Trade you, not someone else!

My trade on GERN today is one I don’t want to forget anytime soon.  There are so many lessons to be learned here that I had to write a blog post on it. (Chart is below)

  1.  I entered in here with 1/3 size.  I entered because really liked that reject after the open shove.  My plan was to add if it rejected HOD again to get to my full size.  If you have been watching my charts for some time on twitter you know that if it breaks that HOD on an early entry like that I always exit the position for the small loss.  I do this because if your wrong after that first candle they can really run.
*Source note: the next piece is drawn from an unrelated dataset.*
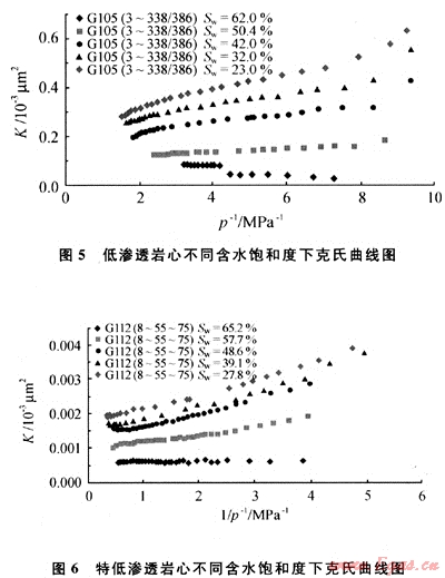 筆者的實驗研究結(jié)果與Rose得到的結(jié)論完全一致,就是氣體在低滲透巖心中的克氏效應(yīng)隨含水飽和度的增加而明顯減弱,其實驗結(jié)果見圖5、6。
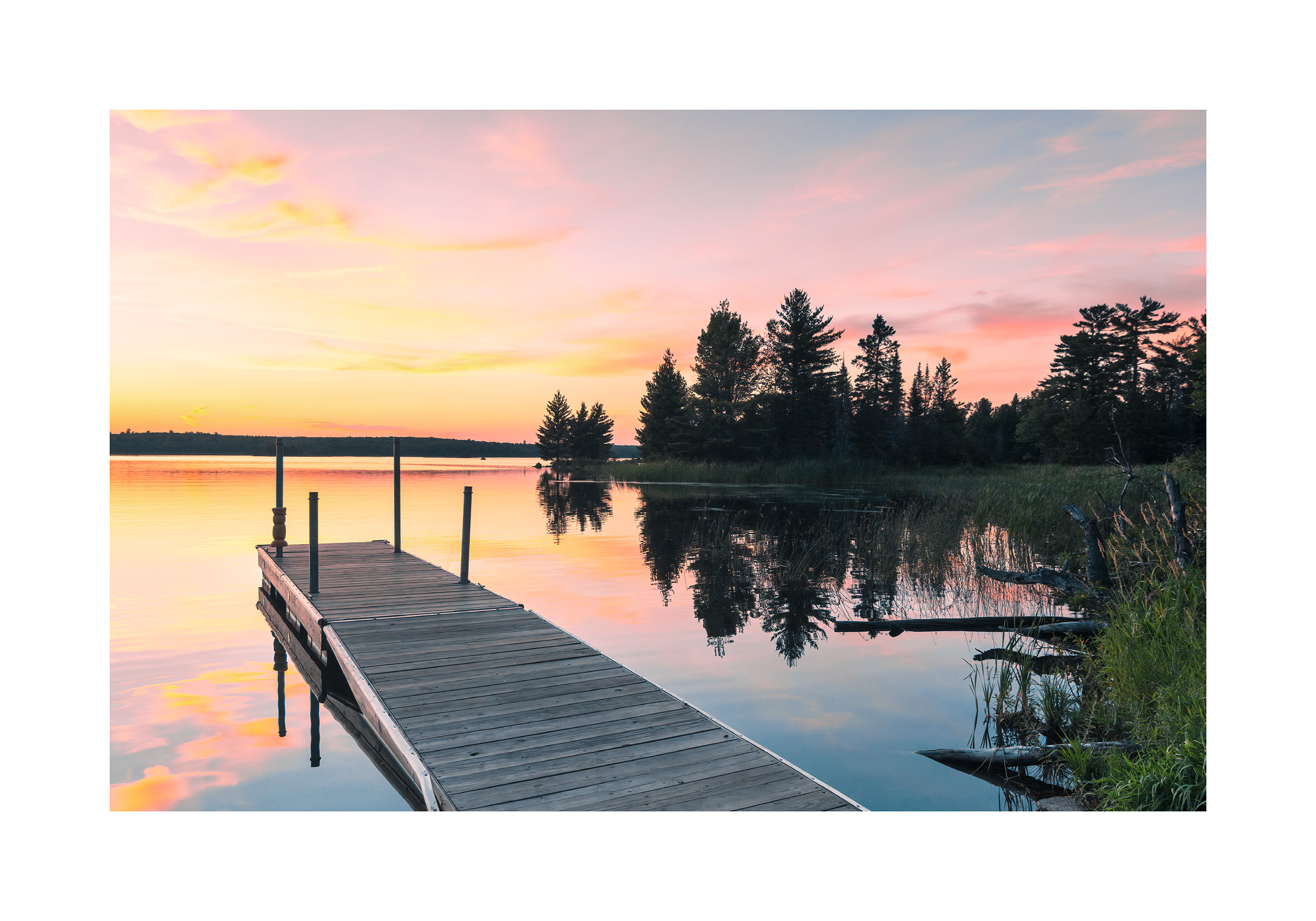 A print of a wooden dock stretching over calm water at sunset. The sky glows in pink, orange, and yellow tones, with trees reflecting in the water.

This time however I decided to hold and give it until $5… and that is where I deviated from me and tried to trade Alex.  I remembered what he said yesterday, first entry is FOMO second is usually right.”  I thought, yeah that is the case for me some times to, so I will just hold this time.  BIG MISTAKE!!!!  I traded Alex at this point not me.
  2. I added at 5 and my avg was now $4.89.  I added another 1/3 so I was in 2/3.  What I did do right at that point was I told myself I would not add again until the stuff.  But as it kept pushing I started to really regret my choice.  My unrealized loss was getting very large and was larger then acceptable for my trading size right now.  It risked whipping out 1/2 my month or more!  I was getting nervous.  I was mad at myself too.  I stopped trading the front push of these stocks a long time ago.  I usually always wait for the stuff or reject on resistance to get in so I can have a SET RISK!  Its part of my new risk management strategy.  I was back to trading a style where there is no set risk.  I had to just wait and hope it would stuff soon.  That’s not my style any more and I was braking all kinds of my rules.
  3. Anyway, on #3 I finally got that add.  New avg .91.  Looking at the chart now it was a really nice add.  But the problem with that add is it made my risk even bigger–way to big!  After it pulled from 5 I decided that to fix the problem with my risk being to big and made my risk level 5.  It was an acceptable loss if I had to stop out and was a lower high spot.  But when it jumped backup after my add and tested the lower high I got really nervous again.
  4. The bids just kept stacking and it was looking like I was going to be wrong.  By this point I felt like I was just wishing and praying for it to work.  I was emotional from my mistakes and was regretting my choices to even hold on to this trade.  I could have got out at that massive pull for a little gain.  Why didn’t I?  I have a rule to exit my positions if I recognize that I messed up and was getting emotional.  Why was I not exiting?  So at that point when it quickly wicked to .93 with massive bids behind it on the level 2 I exited basically flat.  It was a 100% emotional exit.  I should have stuck to my new risk of $5.  Less then 1 min latter they finally pulled the bids and it started to drop.

I don’t share this because there is something wrong with Alex’s style.  Quite the contrary.  His style obviously works well for him.  But the point is I started to trade what I thought was his approach instead of what is my style, system and rules.  That’s just as bad as follow the leader trades in those pump and dump rooms. Trading Alex and not me today caused me to take a monetary risk I could not afford.  It caused me to be emotional and not make smart decisions–that exit being a PERFECT example of emotional trading. It caused me to ignore my safeguards and rules.  The key takeaway here is you can learn from others, but you have to take their teaching and make them your own!!  You have to trade in a way that works for you and that is appropriate for your account and risk tolerance.  Now had I taken his advice in the contexts of my rules, risk and sizing things would have been much different for me today.  It’s easy to want to replicate someone else because you want to replicate their gains.  But trading doesn’t work that way.  No highly successful trader will tell you they are successful because they try to replicate someone else every day.  They learned from others but then took those things and made a system that works for them.  Trade YOU, not someone else!